It’s a process that could take months or even years, but starting this Monday a retired state district judge will begin sorting through nearly 200 questionable serology cases in which evidence was tested by the Houston Police Crime Lab. Houston Public Radio’s Jack Williams reports.
It’s safe to say retired 338th District Court Judge Mary Bacon has her work cut out for her. Starting Monday, she’ll preside over a special, consolidated docket handling only issues involving 180 serology cases flagged for intensive review. The first step in the process is for Bacon and three lawyers to begin notifying prisoners who were convicted based on serology testing that a review of their cases is underway. This is District Courts Administrator Jack Thompson.
“Part of the planning has been making contacts with the various correctional institutions across the state where we can conduct closed-circuit television hearings and determine from those hearings whether or not there’s a lawyer needed to represent them at the next step of the proceedings.”
Although not the “special master”, Independent Investigator Michael Bromwich called for in his final report on the HPD lab earlier this year, Harris County Criminal Lawyers Association President Patrick McCann says it makes sense to centralize the questionable cases.
“With 22 felony courts and the potential for things to fall through on the hand-off between the HPD, the District Attorney’s office and then the individual courts themselves, this is really a much better way to go.”

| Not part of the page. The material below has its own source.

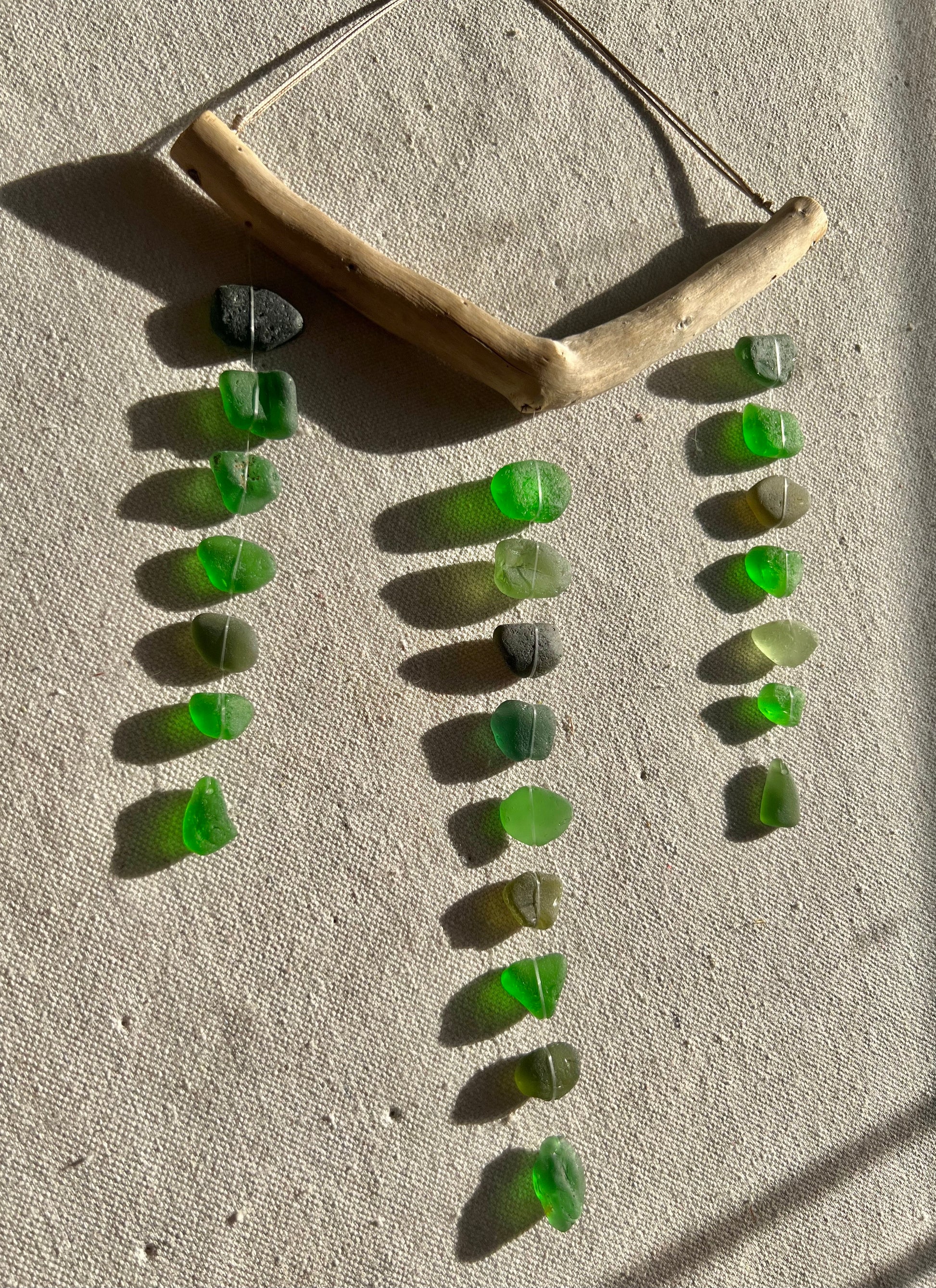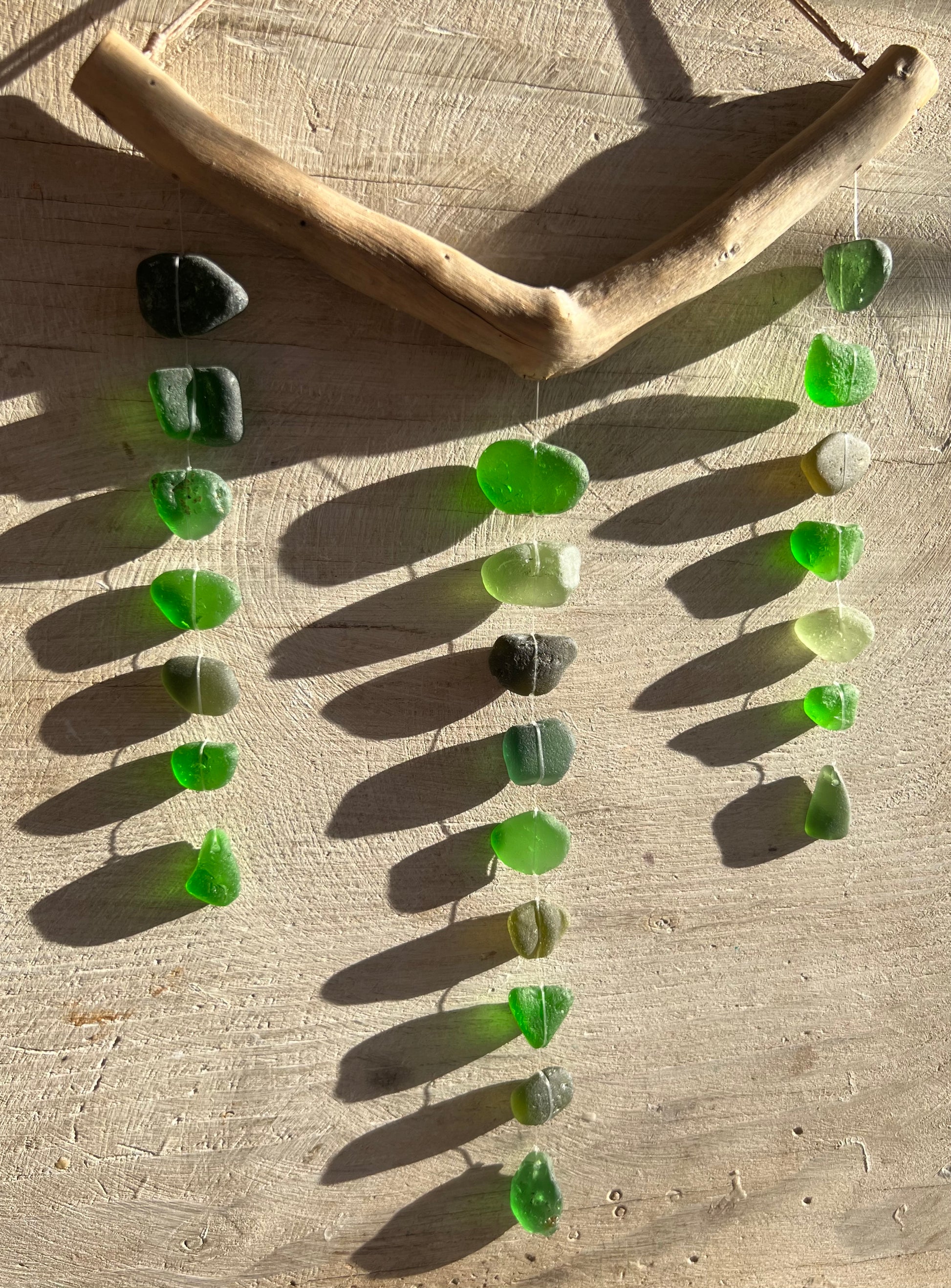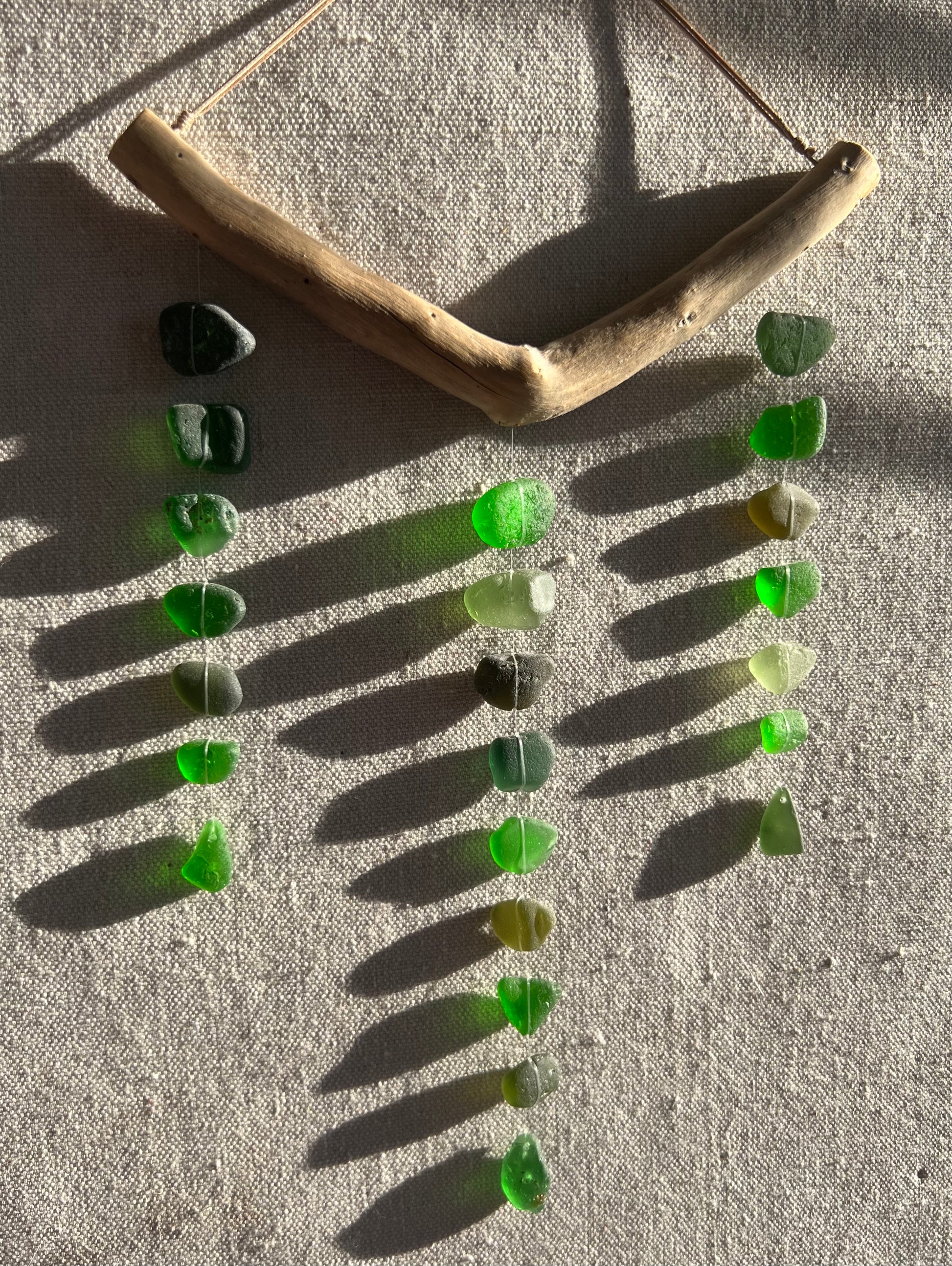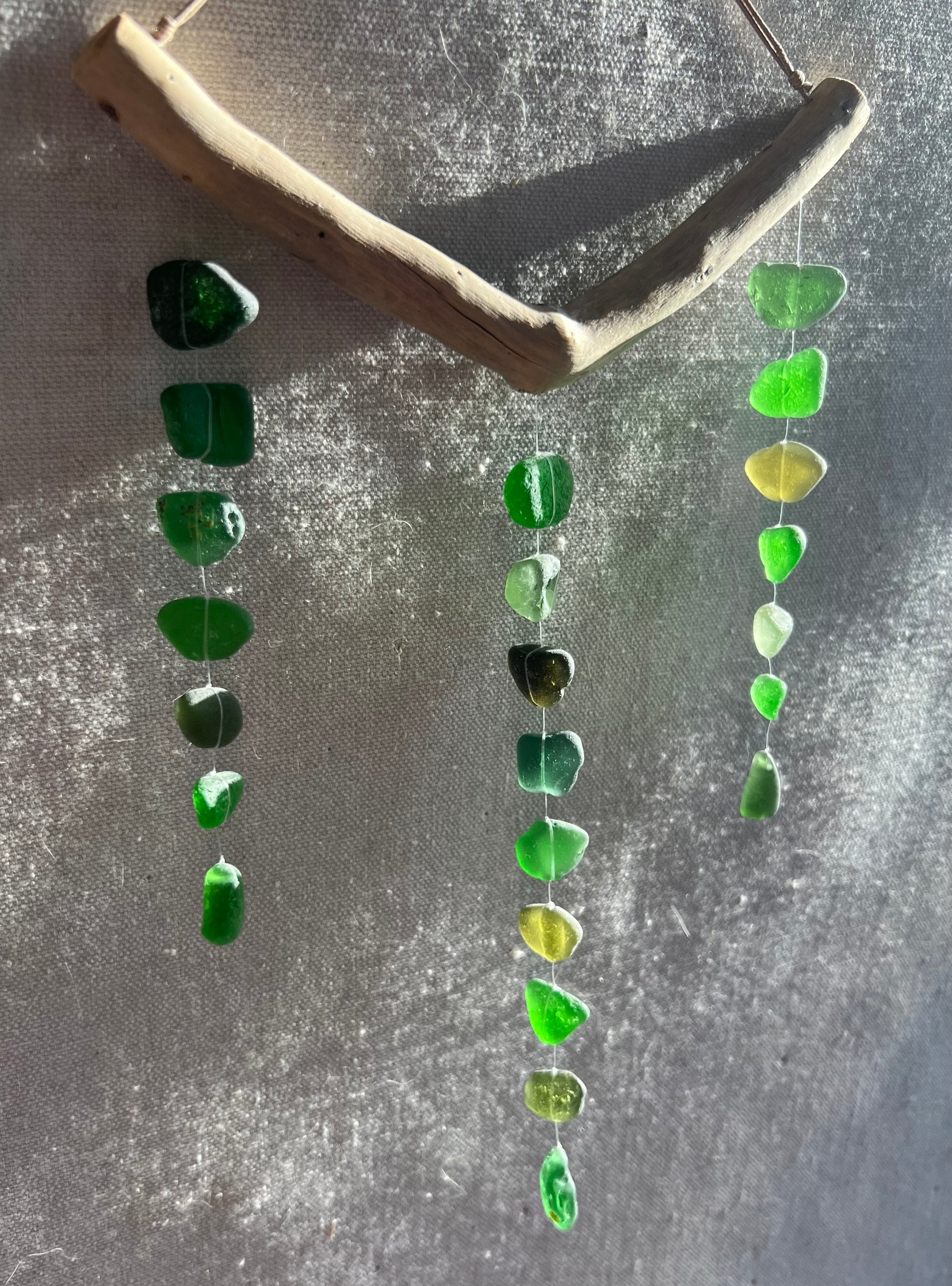 This stunning Sea Glass Mobile is made with 23 pieces of thick vintage sea glass in a variety of jungle greens. Sea Glass is hand strung on nylon monofilament, with each piece securely wrapped 2.5 times and fastened with 3 different knots. The longer (center) strand measures 8.25 inches and the outer strands measure 6.5 inches. The adjustable hanger is made from 1mm waxed polyester thread. At its shortest adjustment, the hanging height (from center of hanging cord to bottom of longest sea glass strand) is 13.5 inches and at its longest, 18 inches.

At the same time, a separate panel of three attorneys will review all 180 cases to see if shoddy serology testing played a central role in the convictions and if additional tests should take place. Houston attorney Bob Wicoff so far is the only member of that review team.
“Hopefully I’ll get two co-counsel within a month or so but even with three lawyers it’s going to take a long time. You have to familiarize yourself with their cases, which usually requires reading voluminous records and then you have to look at the serology testing that was done and you have to see what role it played in their conviction and see whether it was a crucial role.”
University of Houston Law Professor and Director of the Texas Innocence Network David Dow says the review effort is woefully understaffed.
“This is not something that three people can do on a part-time basis. This is a job that probably takes three or four, maybe even five people to be working on on a full-time basis. I think that at least the one person who the judges have appointed to the task so for far is highly competent, but I think that the model that they’ve developed and the staffing that they have in mind are not nearly sufficient for the magnitude of the problem.”
There’s no specific timetable for completion of the review, but everyone involved agrees the process could take several years to finish.